- 1College of Precision Instruments and Optoelectronics Engineering, Tianjin University, Tianjin, China
- 2Tianjin Key Laboratory of Biomedical Detecting Techniques and Instruments, Tianjin, China
- 3Tianjin International Engineering Institute, Tianjin University, Tianjin, China
Diffuse optical tomography (DOT) is a novel functional imaging technique that has the potential clinical application for breast cancer screening. Currently, an underexploited benefit of DOT is its ability to track and characterize dynamic events related to physiological progression, which can provide additional imaging contrast. In this work, we propose a novel 3-wavelength, 32-source–detector continuous-wave dynamic DOT system that allows relatively fast and high-sensitivity imaging by combining phase lock and photon counting technologies and obtains a balance between cost and effectiveness through series parallel measurement mode. To assess the effectiveness of the proposed system prototype, we systematically investigated the key specifications of the system, including stability, channel cross talk, and dynamic range. Furthermore, the static and dynamic phantom experiments validated the capability of the system to detect the target with low absorption contrast as well as track the changes in the target’s absorption coefficient. These preliminary results indicate that the system has great application prospects in imaging of the low-contrast lesion as well as capturing the dynamic changes of hemodynamics in tumor tissue.
1. Introduction
Diffuse optical tomography (DOT) is a novel noninvasive technique that utilizes near infrared light to characterize the spatial distribution of optical properties in biological tissue [1]. It can generate images of the absorption or scattering properties of the tissue or other physiological parameters such as oxygenated and deoxygenated hemoglobin, lipid, and water by multiwavelength measurement. Compared with traditional imaging modalities including X-ray mammogram, ultrasound, and MRI, DOT is considered to be an ideal tool for breast cancer screening due to the merits of nonionizing radiation and low cost, as well as providing functional information [2].
After decades of development, significant advances in the field of DOT breast imaging have been made under a variety of ingenious designs [3–13]. Generally, there are three measurement modalities: time domain (TD), frequency domain (FD), and continuous wave (CW) [3–5]. TD systems can potentially provide absolute information regarding the light intensity as well as photon propagation time by means of measuring the temporal point spread function. FD systems can measure both the reduction in intensity and the phase shift of the light after it passes through tissue. The wealth of information acquired in these two systems can be employed to distinguish the internal absorption and scattering properties of the tissue; however, the systems are expensive and require relatively long acquisition times, especially for time-domain modality. CW systems only measure the change in the amplitude of the light, which allows for a relatively simple, easy operational, and affordable technique. In addition, this approach enables fast data acquisition and the use of simple detectors and electronics, which makes it possible to monitor real-time dynamic changes of physiological signals [6–8].

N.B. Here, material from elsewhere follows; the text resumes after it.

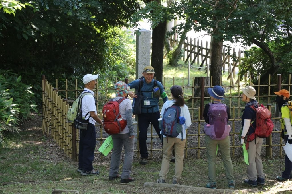 写真:ゴミ拾いの前に歴史の解説を聴きました(小仏関所跡公園で)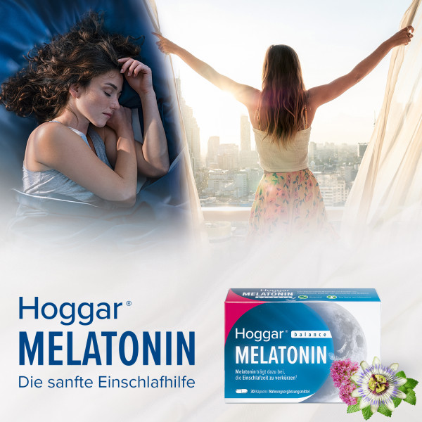 Neben Melatonin enthalten Hoggar® Melatonin Kapseln natürliche Pflanzenextrakte aus Passionsblume und Baldrian. Passionsblumenextrakte können spannungslösend und schlaffördernd wirken, während Extrakte aus Baldrian beruhigen und das Ein- und Durchschlafvermögen verbessern können.

Despite advances in DOT imaging techniques, an underexploited benefit of DOT is its ability to acquire data at high speed for real-time monitoring. This enables DOT to both recover static distributions of endogenous contrast resulting from tumor vascularization and track dynamic temporal events related to physiological progression. Previously, on the basis of CW diffuse optical tomography systems, some researchers have exploited the potential of imaging dynamic contrasts in breast tissue by disturbing physiological conditions such as breast compression [15, 16], respiratory maneuver [17], and injection of indocyanine green agent [14–20]. For example, several groups have reported the studies of imaging the hemodynamic response of the breast to compression, which is proved to induce differences in oxygen consumption between tumor and normal tissue [16, 17]; Schmitz and Flexman et al. explored the use of a breath hold for creating dynamic contrast to distinguish healthy from cancerous tissue [18, 19]. Intes et al. investigated the pharmacokinetics of indocyanine green agent in breast tumors, harnessing the characteristic that the tumor vessel demonstrates stronger permeability compared with normal vessel [20].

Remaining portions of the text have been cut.